B. Results as an integration index. A value of zero indicates the minimum bound for fusion (i.e. the prediction based on quadratic summation). Data are presented as notched distribution plots. The center of the ‘bow tie’ represents the median, the grey-shaded area depicts 68% confidence values, and the upper and lower error bars 95% confidence intervals.

Table 1.

Probabilities associated with obtaining a value of zero for (i) the fMRI integration index, and (ii) the prediction accuracy difference between congruent and incongruent stimulus conditions. Values are from a bootstrapped resampling of the individual participants’ data. Bold formating indicates Bonferoni-corrected significance.

p-value
Cortical area Integration
index above zero
Congruent vs.
incongruent
V1 0.789 0.523
V2 0.799 0.419
V3v 0.150 0.079
V4 0.880 0.486
LO 0.838 0.262
V3d 0.733 0.203
V3A 0.265 0.148
V3B/KO 0.001 0.004
V7 0.915 0.247
hMT+/V5 0.479 0.499

A possible concern is that there is a gain change in the fMRI response when testing disparity and motion concurrently relative to ‘single’ cues, and this enhances decoding accuracy (e.g. in V3B/KO). However, fMRI signals in each ROI (Supplementary Fig. 2a online) showed no evidence for reliable differences in responsiveness between conditions (F2,38=2.51, p=0.094). Another possibility is that fMRI noise is reduced when cues concurrently signal depth, supporting better decoding. To assess this possibility, we created a composite dataset by averaging raw fMRI responses from the ‘single’ cue conditions. However, prediction accuracies were lower for this composite dataset than for the concurrent condition in V3B/KO, indicating that a simple noise reduction did not explain the result (Supplementary Fig. 2b online; F4.9,93.8=3.74, p=0.004).

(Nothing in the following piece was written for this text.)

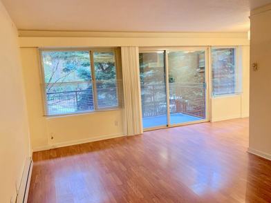 Spacious 1bed/1bath (approx 750sf) apartment available now. Big windows in living space and bedrooms + a spacious deck, overlooking greenbelt - nothing but trees out of every window! Lots of in-unit storage (multiple large closets), laminate flooring throughout living areas and carpet in the bedroom. Clean and bright laundry room on-site, right outside the elevator for easy access.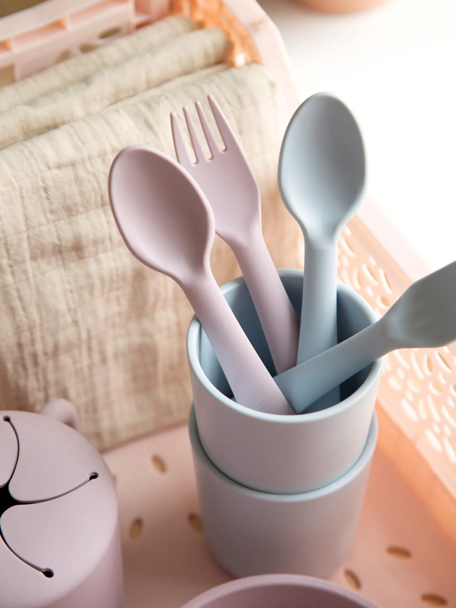 Ske og gaffel-sættet fra Mushie er enkelt og elegant. De er nemme at holde om for Deres barn. Dette sæt er fremstillet i Danmark og tåler opvaskemaskine, hvilket gør oprydningen lidt nemmere. Bemærk venligst, at produktet altid skal bruges under opsyn af en voksen. Undersøg produktet før hver brug. Afskaf ved tegn på skade eller svaghed.

Congruent vs. incongruent cues

To provide a stronger test for integration, we manipulated both disparity and motion, but placed these cues in extreme conflict (i.e., an exaggerated conflict over our ‘single’ cue conditions). For each stimulus, one cue signaled ‘near’ and the other ‘far’ (Fig. 1d). If depth from the two cues is independent, this manipulation should have no effect. (Note that the SVM distinguishes the stimulus classes that evoked voxel responses, thus an objectively correct answer exists for the classifier).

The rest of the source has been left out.